Once an icon of American retail, Sears Holdings (NSDQ: SHLD) is on the brink of bankruptcy.

The company added an expert on restructuring and bankruptcy to its board of directors. Also, the Wall Street Journal reports that the company has hired advisors to prepare to file for Chapter 11. Five years ago, the share price was still around $50, but it has steadily slid toward zero.

By the time you read this, it’s possible bankruptcy may have already occurred because Sears could take action ahead of $134 million of debt due this week.

Bankruptcy really isn’t surprising. After all, the retail chain has suffered losses in seven straight years, and sales have not grown since the financial crisis 10 years ago. Since May 2017 alone, the company has shut down more than 400 stores, or roughly 30% of its stores—never a good sign.

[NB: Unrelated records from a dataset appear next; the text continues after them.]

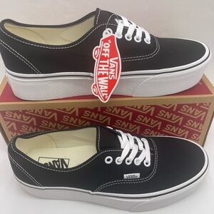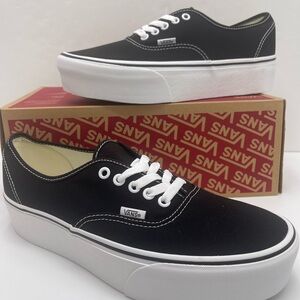 Elevate your style with these Vans platform sneakers. Sleek black canvas with white accents. Perfect for casual wear.
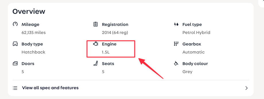 If you’re looking at cars on a website like Autotrader, you’ll see an engine size mentioned like this:
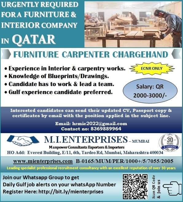 URGENTLY REQUIREDFORA FURNITURE & AINTERIOR COMPANYIN QATARFURNITURE CARPENTER CHARGEHANDECNR ONLY• Experience in Interior & carpentry works.• Knowledge of Blueprints/Drawings.• Candidate …
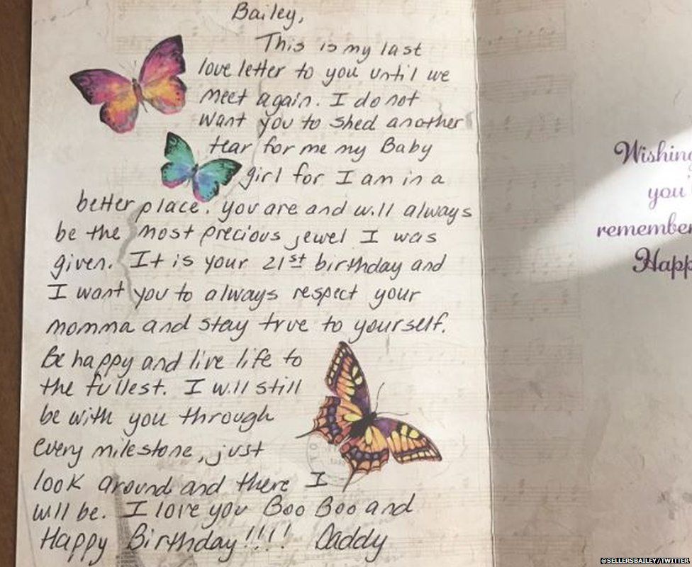 Per cinque anni, Bailey Sellers ha ricevuto dei fiori da parte del padre in occasione del suo compleanno. Quest'anno è l'ultimo e lei ha voluto condividere le ultime parole che lui le ha scritto

Just a few weeks ago, Sears CEO Eddie Lambert had released a debt-restructure plan to buy some time. But given Sears’ financially woeful performance, the lenders likely were impatient so bankruptcy looms.

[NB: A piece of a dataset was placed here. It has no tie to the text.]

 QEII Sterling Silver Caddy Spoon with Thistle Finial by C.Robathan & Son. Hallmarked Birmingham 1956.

Sear’s sad decline is a reminder that companies, no matter how dominant they seem, must continue to innovate and adapt to stay competitive.

Past Glory

Back in its heyday, Sears was a household name synonymous with mass consumerism. Everyone knew about the Sears Catalog, Sears Wish Book, and the Sears Tower. If you didn’t want to visit a Sears store, you could order from them by mail and the goods would be shipped right to you.

Sears was such a dominant force; it was basically the Amazon (NSDQ: AMZN) of yesteryear. And like Amazon, Sears was efficient, offered low prices, and expanded into other businesses to try to become an inextricable part of consumers’ lives.

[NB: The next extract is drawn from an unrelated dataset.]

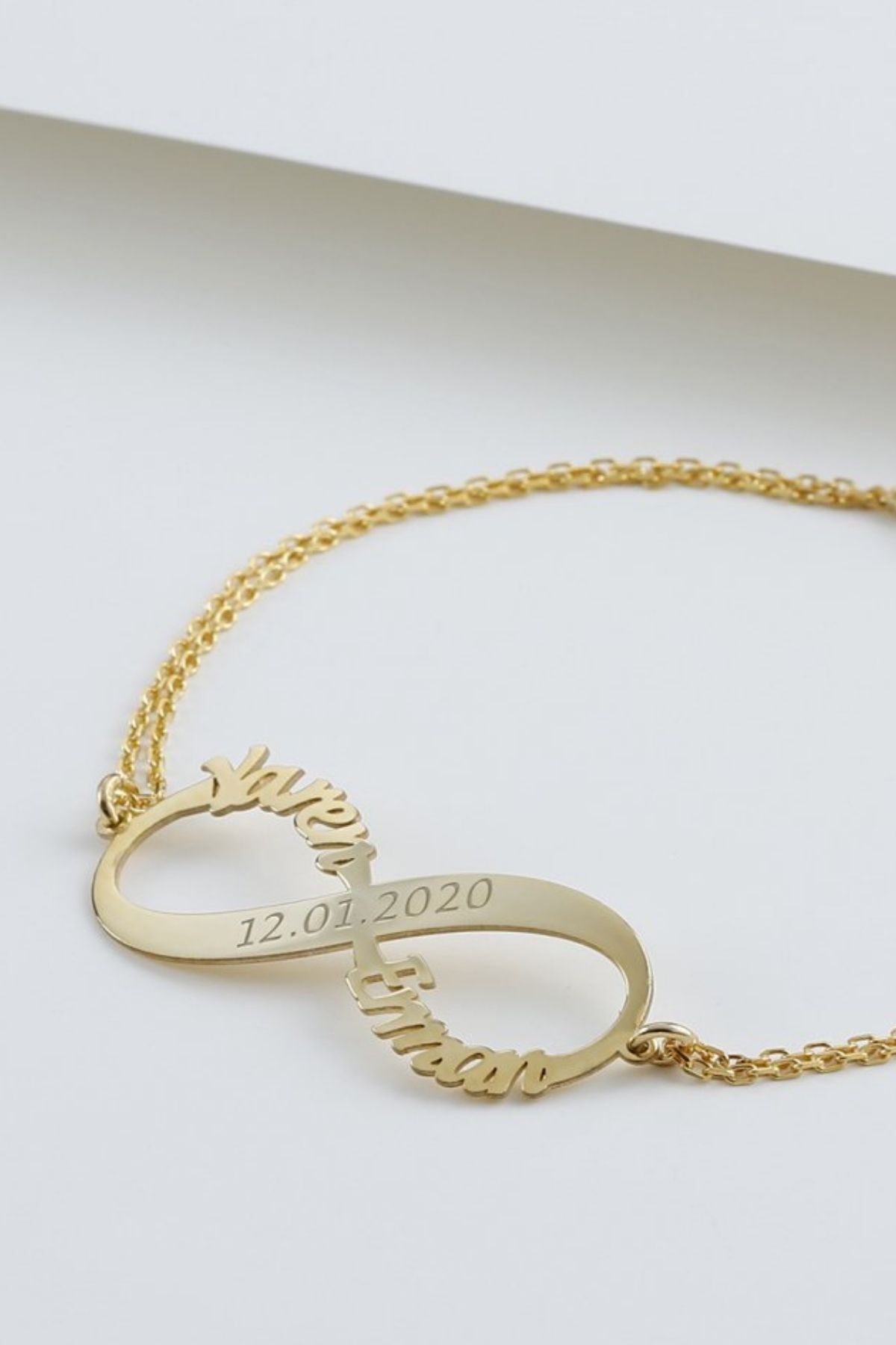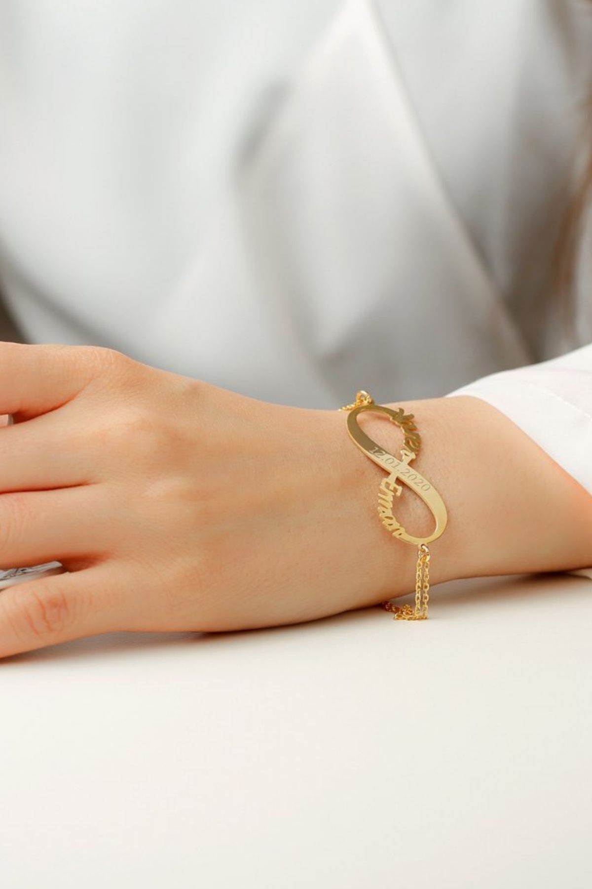 925 Ayar Gümüş Altın Kaplama Isimli Sonsuzluk Bileklik

Today, the Sears Catalog and Sears Wish Book no longer exist and Sears Tower isn’t even named Sears Tower anymore and belongs to someone else.

Not Enough Self Improvement

Sears looked for new ways to grow beyond retail. For example, in the 1980s, Sears tried to expand into financial services and bought Dean Witter and Coldwell, Banker & Co. Additionally, together with IBM (NYSE: IBM) it invested in an online portal called Prodigy, a pre-Internet private network. By 2000, it was seriously pushing sears.com as an online marketplace for its many product lines.

Unfortunately, as Sears looked outward, it didn’t do enough to improve its core retail business operations. The outside investments did not pan out and it was outmaneuvered by better-run retail competitors.

Twenty years ago, Sears’ most formidable rival was Walmart (NYSE: WMT) (Amazon was still finding its way). Walmart used better inventory and supply chain management to run its operations more efficiently and was able to offer lower prices and a wider selection of products, including groceries, and responded to changing consumer tastes more quickly.

Meanwhile, Sears simply didn’t make adjustments quickly enough and got left behind. By the end of the 1990s, Walmart had pushed Sears aside as top dog in retail and Sears has been running in quicksand since.

A Slow Death

In 2004, Sears merged with Kmart to create a major retail force with 3,500 stores. Lambert, then the major owner in Kmart, masterminded this deal. The idea was to cut costs and cross sell Sears and Kmart brands. The initial results were good. Sales rose in 2006, the first full year after the merger, but every year after that sales have gone downhill.

Lambert ran the combined Sears as if it were a bunch of separate divisions that had to compete with each other. Costs went up, and profits went down, eventually turning into losses.

And of course, the Amazon phenomenon happened. In 2006, Sears generated almost five times Amazon’s revenue. By 2011, Amazon had passed it and the gap is widening every year. In desperation, Sears has even partnered with Amazon on appliances, car batteries and tires, but the company had sunk too deep.

The lesson for investors: never stand still. The only constant in the business world is change.